- Born: 9 September 1888 Edinburgh, Scotland
- Died: 28 February 1958 (aged 69) Edinburgh, Scotland
- Education: University of Edinburgh
- Occupation: General surgeon
- Known for: President Royal College of Surgeons of Edinburgh
- Medical career
- Institutions: Royal Infirmary of Edinburgh

= Walter Quarry Wood =

Scottish surgeon and art collector

Walter Quarry Wood MD, ChM, FRCSEd (9 September 1888 – 28 February 1958) was a Scottish surgeon who became known as a collector of Scottish Colourists. He worked at the Royal Infirmary of Edinburgh (RIE) and was president of the Royal College of Surgeons of Edinburgh.

== Early life ==
Walter Quarry Wood, FRCSEd was born in St Boswalls in the Scottish Borders in 1888, one of seven sons of William Wood. He studied medicine at the University of Edinburgh Medical School, qualifying MB, ChB in 1911.

== Surgical career ==
He was house surgeon at the RIE to Professor Francis Caird, the Regius professor of clinical surgery. In 1914 he became a Fellow of the Royal College of Surgeons of Edinburgh. During the First World War he served as an officer in the Royal Army Medical Corps (RAMC). In 1916 he graduated Doctor of Medicine (MD) and was awarded a gold medal for his thesis. He qualified Master of Surgery (Ch.M.) in 1922, again receiving a gold medal for the thesis. After the war he was appointed assistant surgeon to the Royal Infirmary of Edinburgh and served on the staff of the hospital for 42 years, becoming surgeon in charge of wards in 1939. For some years he was also assistant surgeon to Chalmers Hospital, Edinburgh and was consultant surgeon to the Scottish Border hospitals. In addition to surgical teaching he continued to teach anatomy in the university department and carried out research into the embryology of the endocrine glands. In 1947, he was elected to the Aesculapian Club of Edinburgh. He was elected president of the Royal College of Surgeons of Edinburgh in 1949 and president of the Edinburgh Medico-Chirurgical Society in 1955. He was also elected a member of the Harveian Society of Edinburgh.
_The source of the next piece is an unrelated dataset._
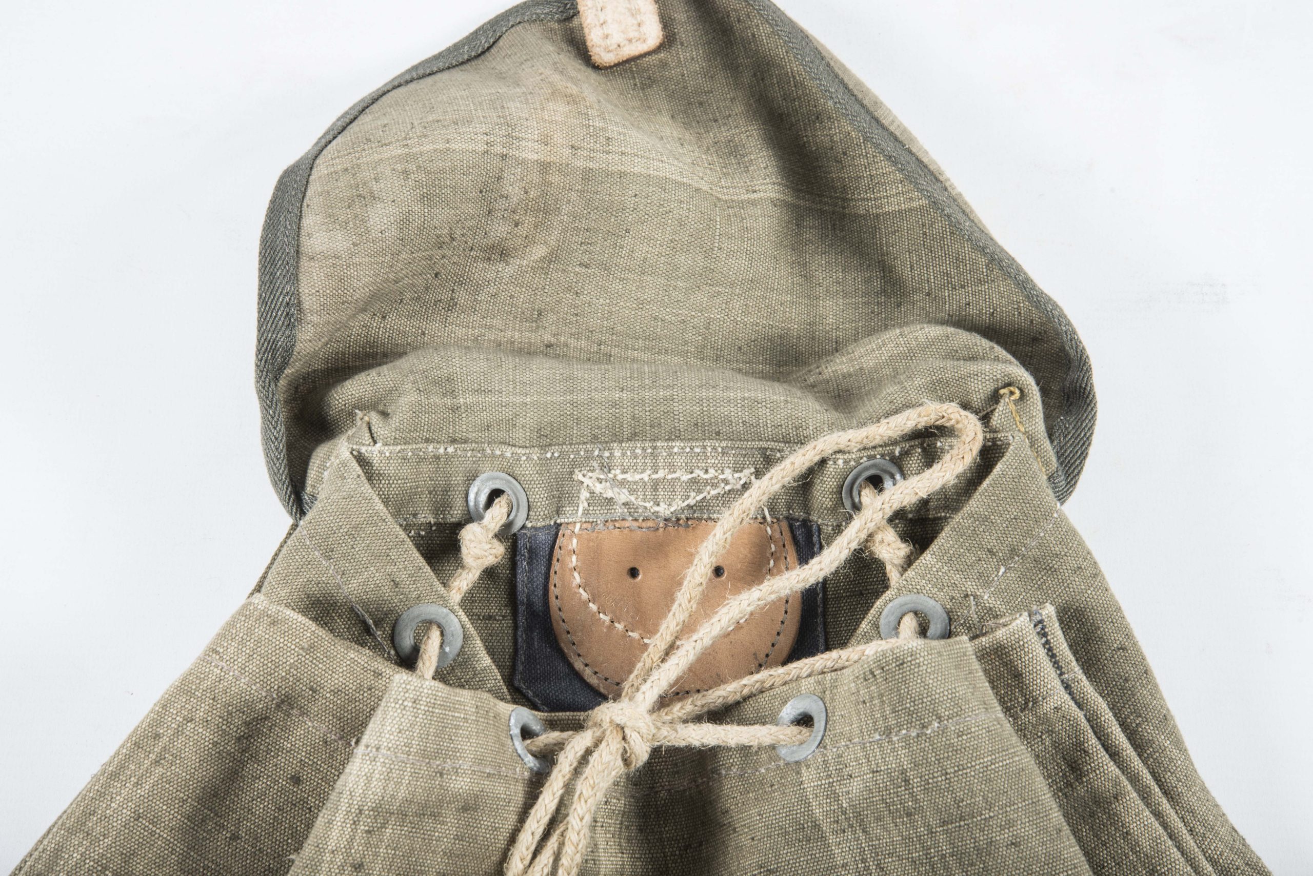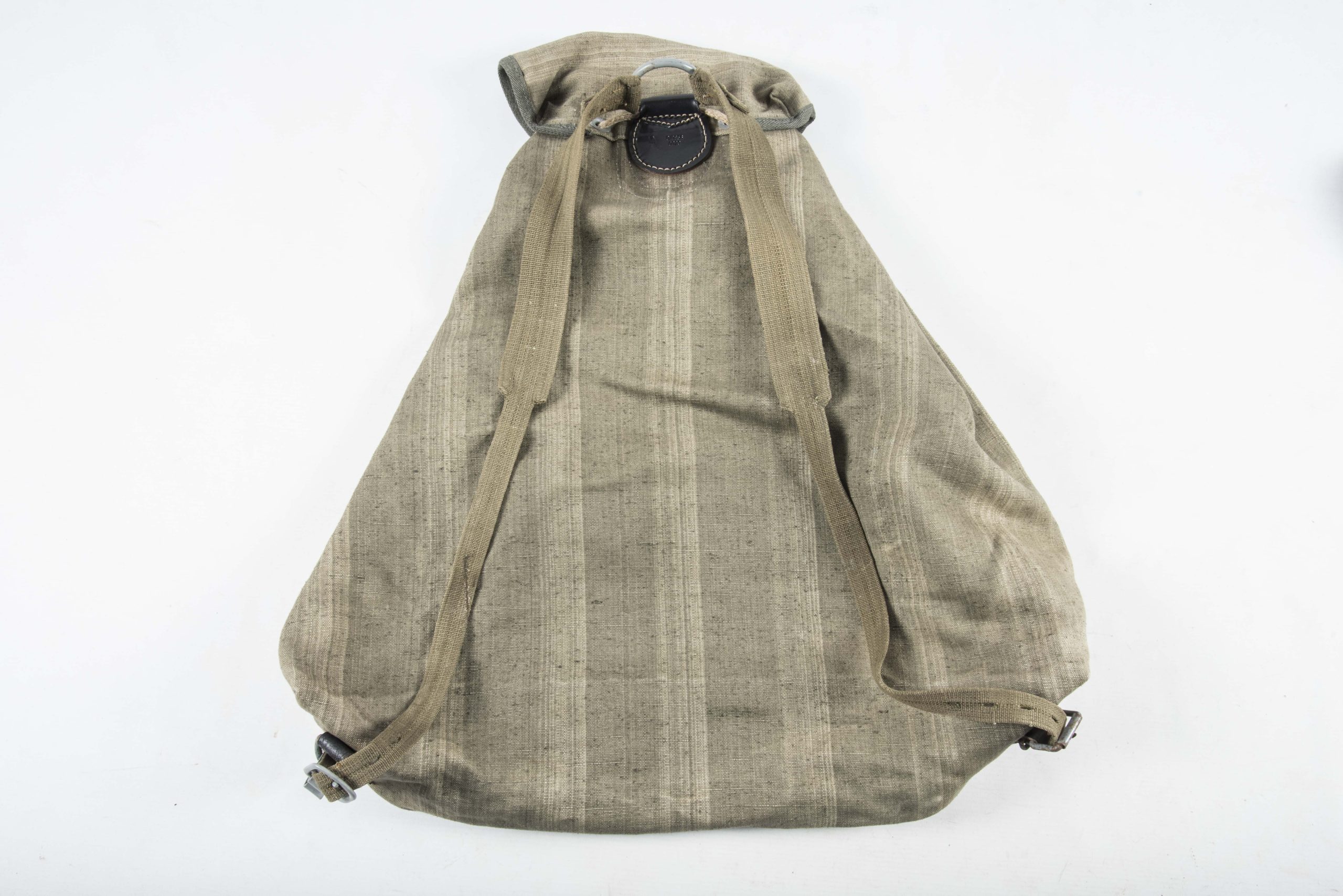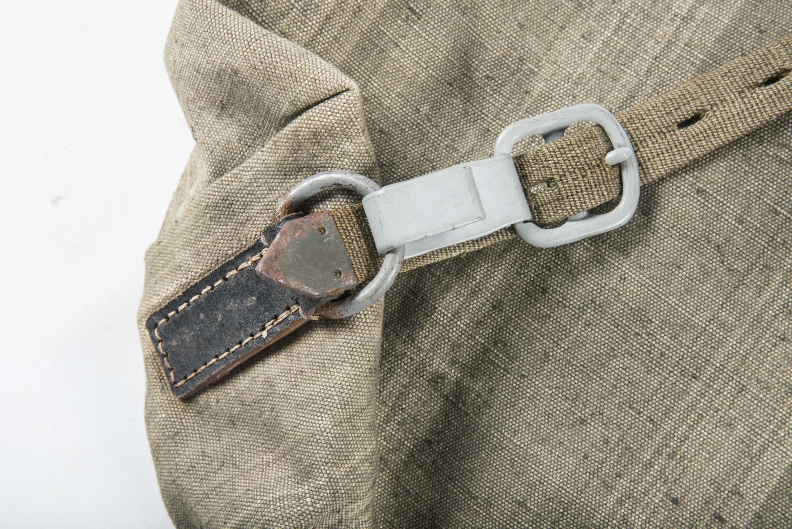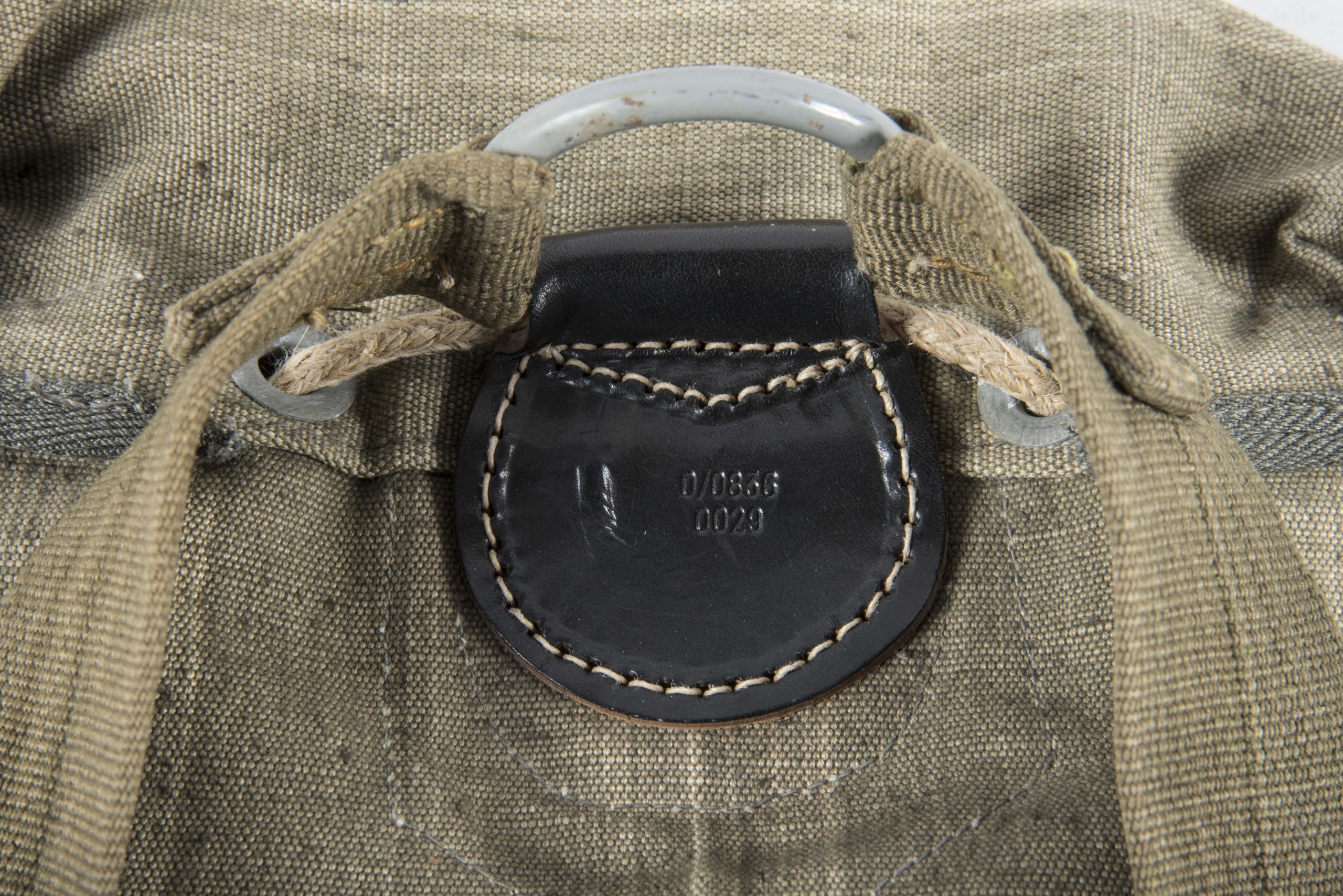 Late war rucksack marked 0/0836/0029. Nice variant late war rucksack made from screen printed canvas. Mint piece.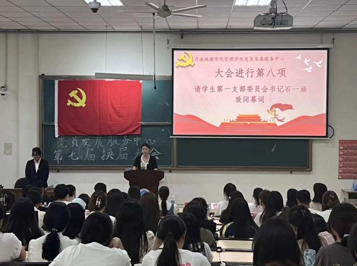 接着,由公司党员发展服务中心单群鹏代表第六届主任团作工作汇报,对上一阶段的党员发展服务中心工作做出总结。然后由王倩倩宣读第六届优秀主任名单并颁发证书;王奕凯为第六届优秀部长颁发证书;李文雅宣布第七届主任团名单并颁发聘书;公司党员发展服务中心第七届主任团辛佳亮代表作就职报告。最后,石一涵老师致闭幕词,不仅肯定了第六届主席团成员对于工作的细致程度,还表达出对新任主任团成员的希冀,期待在新一届主任团的带领下,党员发展服务中心的工作能够再创佳绩,为同学们提供更加全面的服务。

== The Wood Collection of Scottish Colourists ==
Between 1920 and 1940 Quarry Wood collected paintings by the Scottish colourists, advised by Duncan Macdonald of the dealers Alex Reid and Lefevre. In 2016 the collection came onto the market and was described as "one of the most important single groups of Colourist paintings to come on to the market in recent years." The collection included paintings by FCB Cadell, with whom the Wood family had a personal connection through his father, a surgeon, Francis Cadell FRCSEd (1844-1909). There were also paintings by SJ Peploe and Leslie Hunter. The thirteen lots sold for a total of £1.3 million.

== Family ==
In 1919 in Edinburgh he married Elizabeth Joyce Alexander, daughter of Dr Alexander Alexander (1849-1894) of Wick, Caithness. They had one daughter, Elizabeth, a doctor. He died in Edinburgh in 1958.